Exploring the narrative of shopping

I try to shop locally, favouring smaller groceries, the butchers and fishmonger, fruit and veg markets, the independent bookstore and the few boutiques in my neighbourhood who support smaller designers. It involves a little more effort trekking from shop to shop and navigating crowded markets in the rain, but the experience is hugely rewarding. Each one of these establishments offers a very different experience, an unexpected find, fun conversation, a laugh, a cry… I come away with much more than a transaction of money for goods.

I’m not alone in actively wanting to return to the old culture of shopping – you know when you’d made a trip to the town market to buy the weekly groceries, did a little bartering, caught up with the politics of the day, learnt the latest gossip, married off your sons and daughters. Shopping was an event yet somewhere along the way we have lost that element of fun. Allowing for Amazon to decide on our reading list, Spotify to predict our listening and Ocado to deliver our food to me is soul destroying.

Earlier this week I caught up with the Dutch architect Rem Koolhaas, founder of the exciting practice OMA, who seems to share a similar belief. Recent political events, the ‘digital representations of reality’ as he rightfully says, should be a good wake-up call to pop the liberal bubble and make some fundamental changes. ‘There’s a lot of disruption going on in the world. These events demand that we have a rethink. Do we address consumption in the world?’

Koolhaas was talking at the Vision: Future Retail, a symposium in Amsterdam attended by various companies and creatives. In reality, it is time to reinvent the retail narrative not only from a nostalgic viewpoint, or political, but simply because the current model is no longer commercially working. We connect and consume products in a very different way than we used to. Access is replacing the physical – we are still buying products but for very different reasons. Experience is our new status symbol and it is having a profound impact on how we shop.

What this means is really rethinking the retail space to engage with the consumer, provide excitement, experiences, friendship and a sense of community, help share thoughts and ideology. This could involve experimental retail, spaces that are artistic, pop-ups and temporary structure in unusual locations purely for the purpose of brand awareness. Perhaps they don’t sell anything but brand experiences. It means more and more collaborations with artists and creatives who share a similar vision, and working with social and political causes that also identify with the company’s underlying principles. In the new age of retail, stores need to be become more glocal so the design of the shop floor is locally responsive even if the brand is global.

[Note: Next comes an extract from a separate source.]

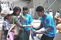 当日は、朝早くから高校生、大学生、社会人のボランティアのみなさんが準備に加わってくださいました。「東日本大震災緊急支援への募金にご協力をお願いします!!」と大きな声で募金のよびかけを行い、その呼びかけに応えて多くの方々が募金にご協力してくださいました。中にはお財布の中の小銭を全部募金箱に入れてくれた小学生もいました。 栄養が足りなくてやせほそってしまった子ども、震災で家や家族をうしなってしまった子ども、遠い国から励ましのメッセージを送って応援してくれている子ども、みんなが同じ地球に暮らす仲間なのだということを感じてもらえたと思います。 展示を見ながらお勉強してくれた小学生のみなさん、募金にご協力くださったみなさん、当日お手伝いをしてくださったボランティアのみなさん、すべての方々に心からお礼申し上げます。

Although theoretically the digital age should have made shopping easier, more than ever consumers want to connect with the brand in order for a purchase to take place. They want to feel, smell, touch the object, but also bond with the brand itself be it ideologically or otherwise. The internet has become that last purchasing tool, the last click-and-pay.

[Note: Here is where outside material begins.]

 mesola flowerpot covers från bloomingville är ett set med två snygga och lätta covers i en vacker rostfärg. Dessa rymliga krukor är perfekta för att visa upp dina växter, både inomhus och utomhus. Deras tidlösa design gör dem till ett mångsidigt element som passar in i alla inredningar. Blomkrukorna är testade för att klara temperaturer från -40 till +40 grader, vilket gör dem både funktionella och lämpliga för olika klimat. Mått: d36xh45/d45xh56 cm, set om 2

Some brands are actively doing this. OMA’s Fondazione Prada in Milan is a cultural complex with huge gallery spaces replete with a cinema. More recently the firm has worked with KaDeWe in Berlin, Repossi and Boulevard Haussmann in Paris and the Fondaco dei Tedeschi in Venice, a homage to the old market square. Collectively they are not only making strong architectural statements but are also expanding the customers’ retail experience into an urban architectural experience. They provide retail as part of your ‘city wonder’ says the firm.

Car companies are also reviewing how to sell cars going forward. On the one hand the collections are now so huge that no physical space, certainly none in congested city settings, can house the full range. Added to this the auto world is in a bit of a puzzle as the next generation refuses to connect emotionally with cars and even less with individual car ownership. Audi City in London, for instance, is a fully digital car salesroom built on the Apple model that hopes to connect with the millennials. In the same way, BMW says it will like to work closer with the likes of OMA to explore shopping as an experience.

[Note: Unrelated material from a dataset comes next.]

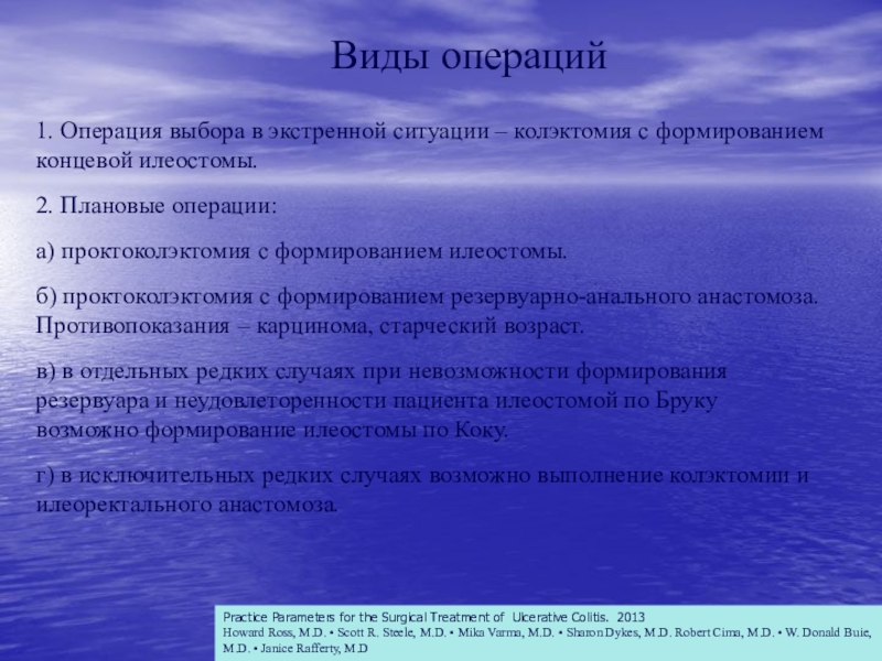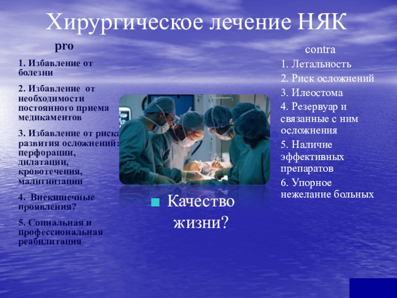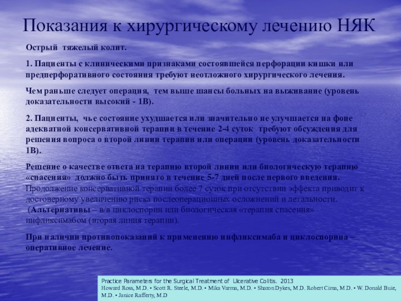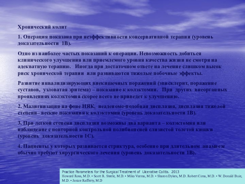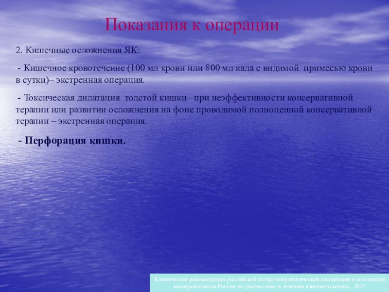 2. Относительные: кишечные свищи, хроническая обструкция, хроническое активное течение колита Неэффективность или плохая переносимость консервативного лечения.

Michele Fuhs, head of Premium Retail Experience believes that by 2020 the BMW Group will need to be the ‘point of experience. We cannot remain simply sales focused but address what is mobility in the future, what is car ownership. We are competing with the entertainment industry. For this we need partners. Our brand will be at the centre but it has to move forward.’

Koolhaas says we have been pampered and should be more ambitious and more interesting. ‘We are too placid and predictable’ and need to engage with choice, alternatives and reality and ‘discover pleasures outside the immediate comfort zone.’

In the future we will see more and more of a shift towards brands as media, ones that offer other services, that are inclusive, spaces that are more fluid and flexible in their delivery, and crucially companies need to offer a personal, bespoke experience. Perhaps the shop of the future will be a gallery of sorts, an interactive and exciting exhibition space, and maybe at the end of that experience, that city wonder, we click a button and make a purchase, much like we would a souvenir.